In healthy individuals, the salivary glands produce enough saliva to wash away the cariogenic food debris. With proper care, this oral status can be maintained for many years without the need for dental intervention other than regular preventive appointments. Lack of this valuable fluid leads to decay, dry mouth (xerostomia) and gum disease. Common cause for slow production of saliva include regular intake of certain medications, recreational drug use and other health issues. The saliva also plays a major role in body’s immune response to the oral bacteria. This condition is frequently dismissed by patients, but it can be easily diagnosed and approached by the dentist who can treat it with appropriate dental therapy.

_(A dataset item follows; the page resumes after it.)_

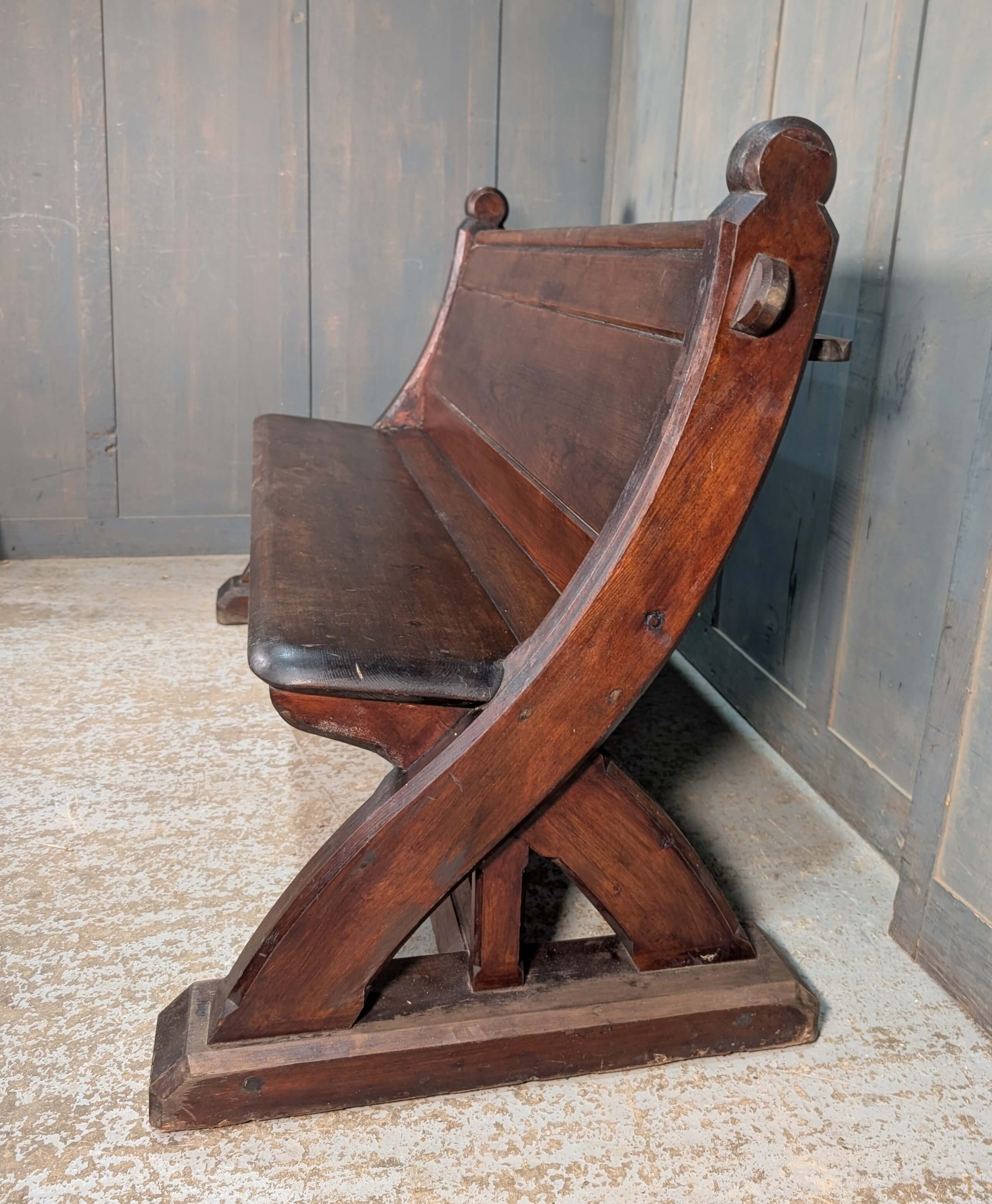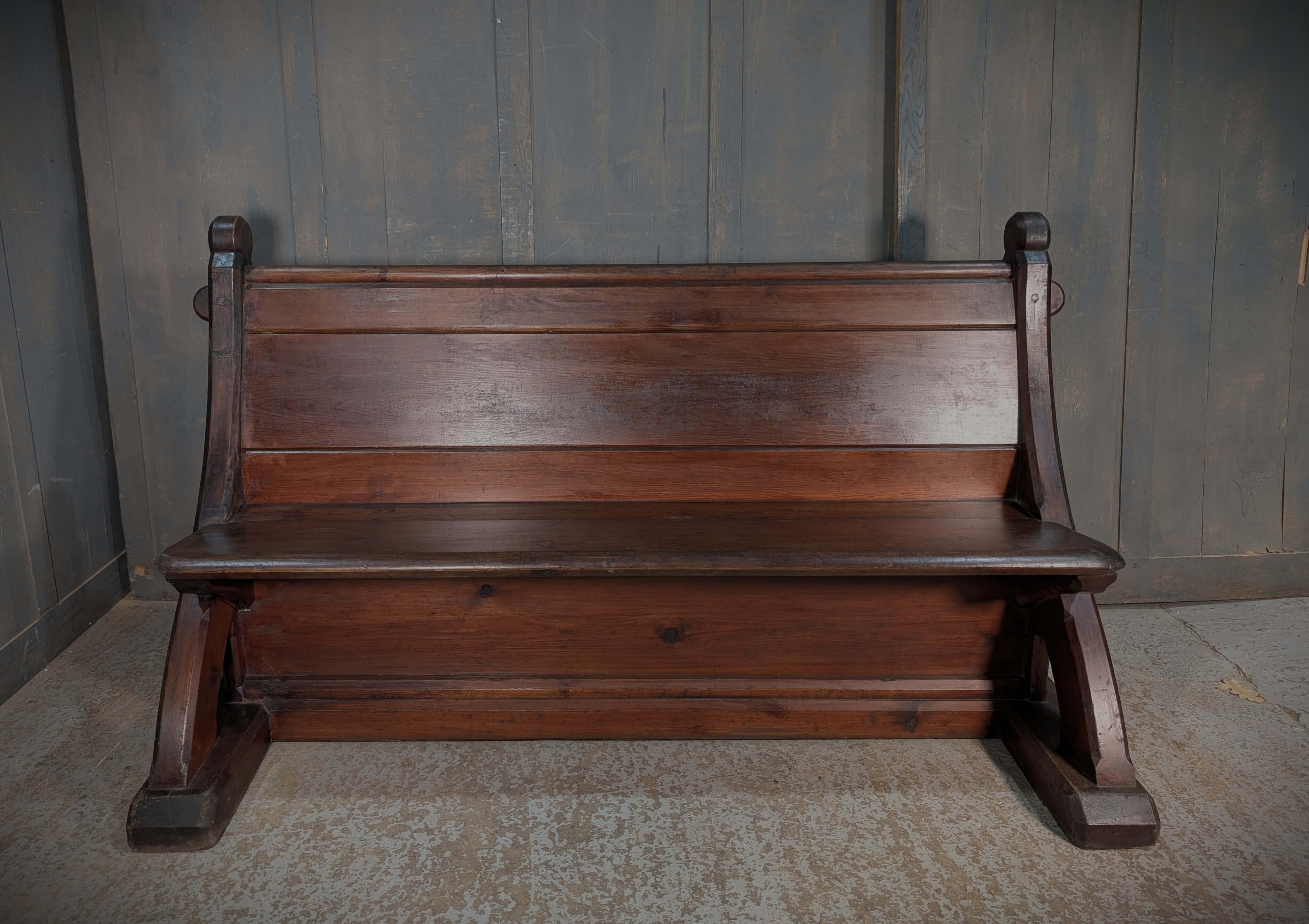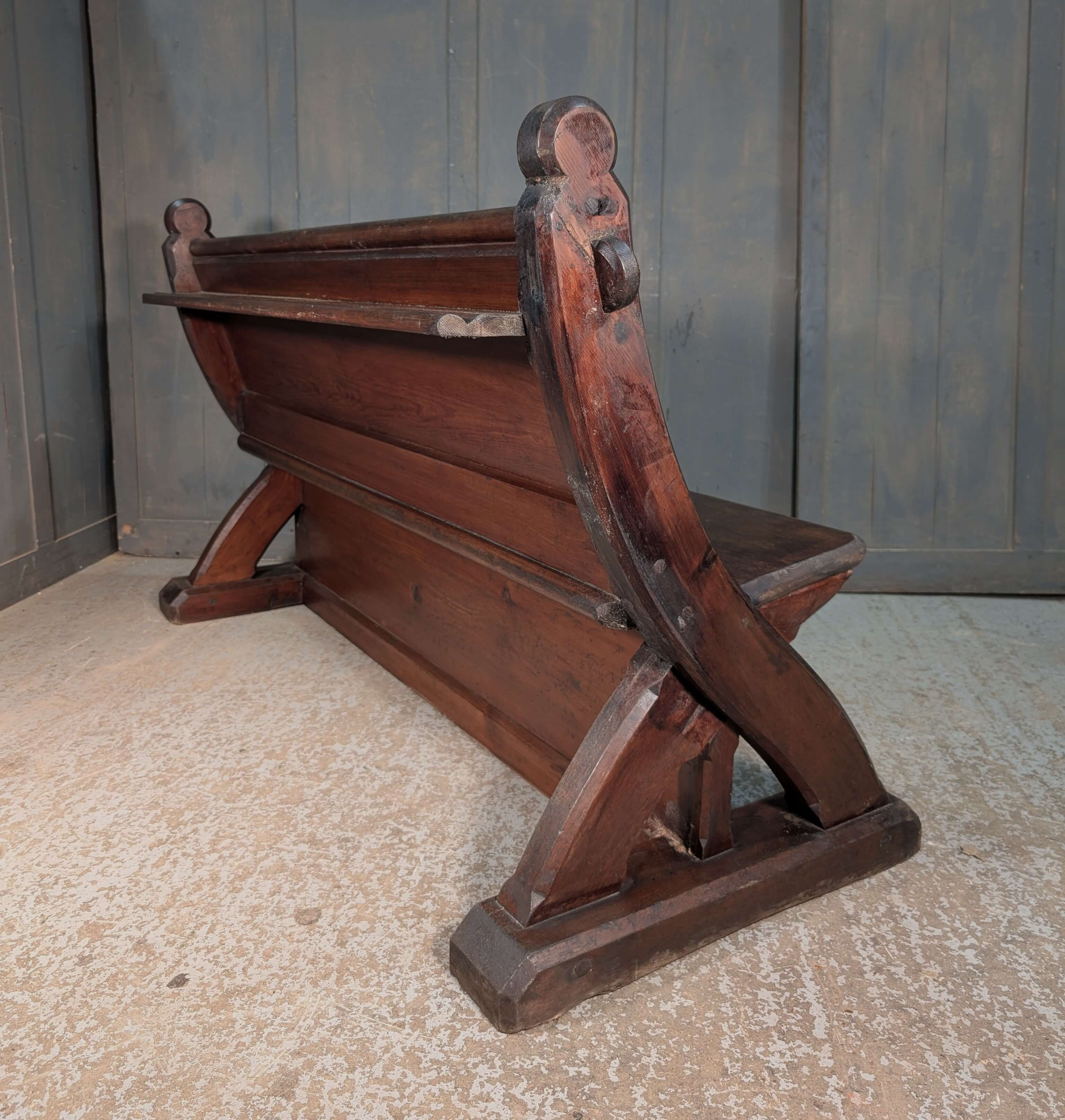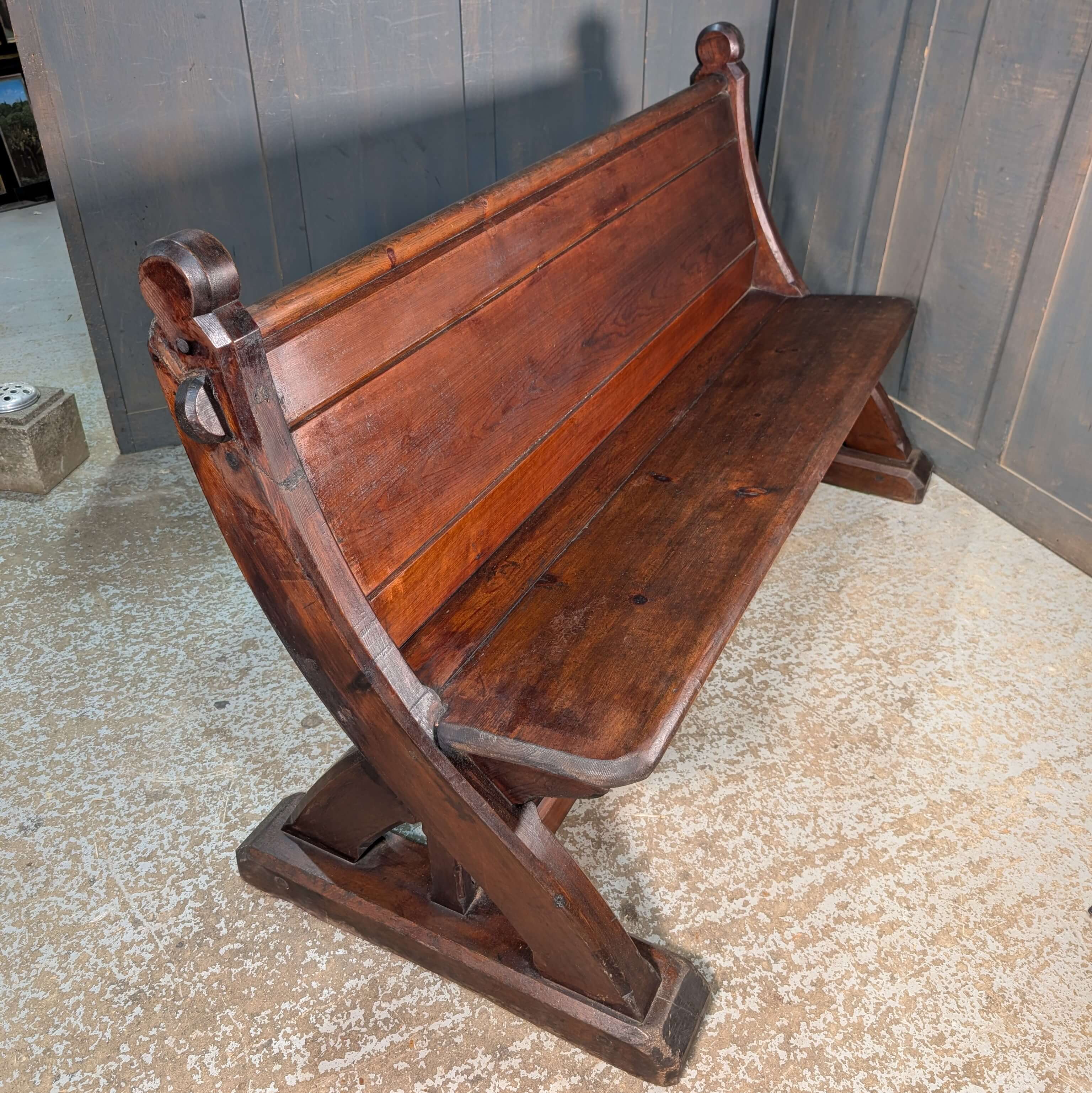 Our product shown on this page Unusual & Stylish Swept Back 1860’s ‘Y’ Ended Pine Church Pew Bench is currently available for hire.

One example of health condition that may hinder the production of saliva is cancer of the head or neck areas. The radiation treatment can quickly result in dry mouth and cause rampant caries. Other examples include the diabetes or renal diseases that are treated with certain medications that cause xerostomia. In case of serious health conditions, the dentist always consults with the patient’s primary physician and creates a treatment plan to correct the problem.

Additionally, the hard enamel should be protected by its continuous contact with fluoride. Research shows that daily brushing with the fluoridated toothpaste decreases the risk of cavities by 50 percent. Fluoride can also be implemented during the prophylactic cleanings with the dental hygienist or at home with gels, antiseptic rinses and other similar products. The patients are educated about gentle methods of toothbrushing to protect the dentin from premature exposure. If the roots are exposed, they can be still treated with applications of fluoride and anti-sensitivity topical medications.